DATA TO USE section start

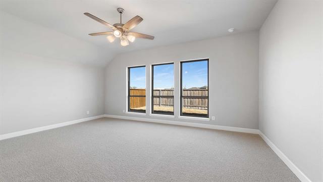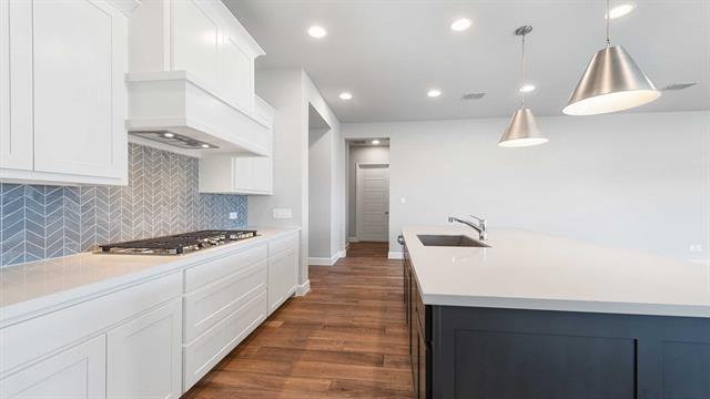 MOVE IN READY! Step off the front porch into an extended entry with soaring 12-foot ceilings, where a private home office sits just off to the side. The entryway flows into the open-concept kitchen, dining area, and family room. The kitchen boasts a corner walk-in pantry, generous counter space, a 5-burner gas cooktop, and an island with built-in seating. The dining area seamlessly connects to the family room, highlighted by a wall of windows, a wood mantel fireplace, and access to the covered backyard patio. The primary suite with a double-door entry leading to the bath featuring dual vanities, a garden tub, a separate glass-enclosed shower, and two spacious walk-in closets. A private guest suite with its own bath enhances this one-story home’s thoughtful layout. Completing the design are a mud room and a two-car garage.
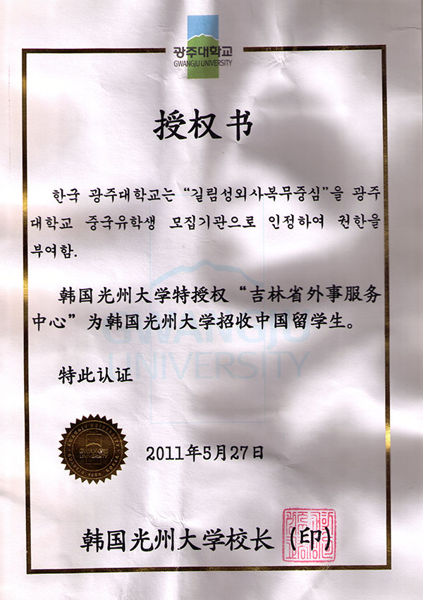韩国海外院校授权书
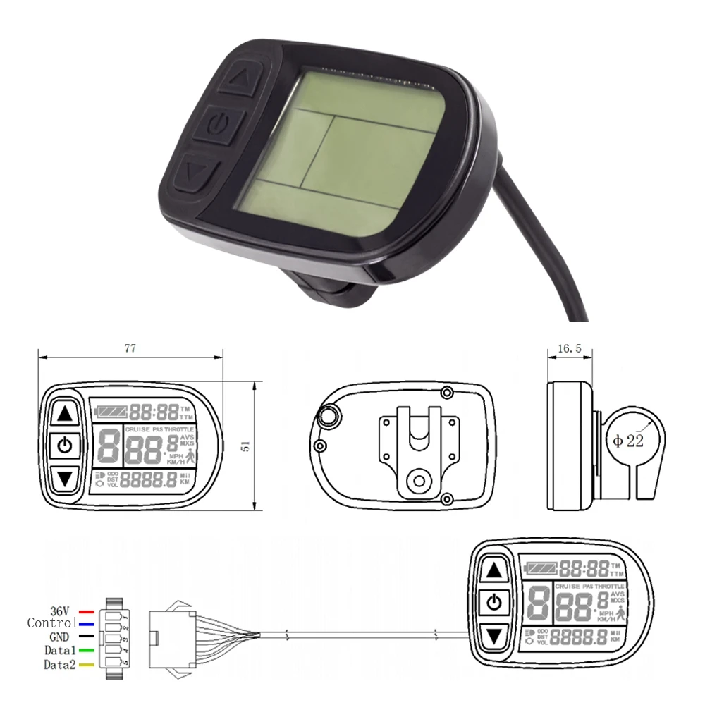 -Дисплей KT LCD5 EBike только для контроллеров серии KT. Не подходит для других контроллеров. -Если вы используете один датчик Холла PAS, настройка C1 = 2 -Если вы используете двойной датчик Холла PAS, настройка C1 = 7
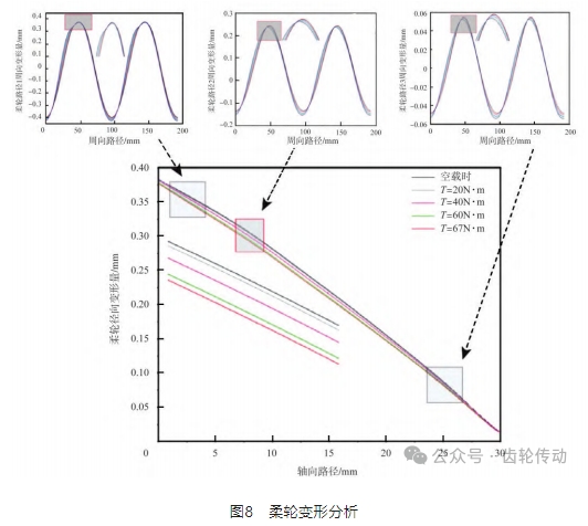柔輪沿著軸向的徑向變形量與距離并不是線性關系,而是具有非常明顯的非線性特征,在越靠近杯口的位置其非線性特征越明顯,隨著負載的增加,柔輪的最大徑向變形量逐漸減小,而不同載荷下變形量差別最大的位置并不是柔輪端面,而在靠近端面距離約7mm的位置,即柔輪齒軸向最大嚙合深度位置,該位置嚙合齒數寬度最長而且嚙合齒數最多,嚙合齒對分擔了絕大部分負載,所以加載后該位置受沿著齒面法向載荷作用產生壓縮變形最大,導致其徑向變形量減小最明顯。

DATA TO USE section end
DATA TO USE section start

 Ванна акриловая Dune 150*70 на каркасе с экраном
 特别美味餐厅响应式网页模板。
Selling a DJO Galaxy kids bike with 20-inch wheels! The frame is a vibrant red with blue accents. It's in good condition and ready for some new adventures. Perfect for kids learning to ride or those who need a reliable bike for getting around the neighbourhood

DATA TO USE section end

**WHAT TO DO**
All lines above from the one holding "Ванна акриловая Dune" to the one holding "特别美味餐厅响应式网页模板。", inclusive, are to be copied exactly; no other line is wanted.

**RESULT OF THIS TASK**
 Ванна акриловая Dune 150*70 на каркасе с экраном
 特别美味餐厅响应式网页模板。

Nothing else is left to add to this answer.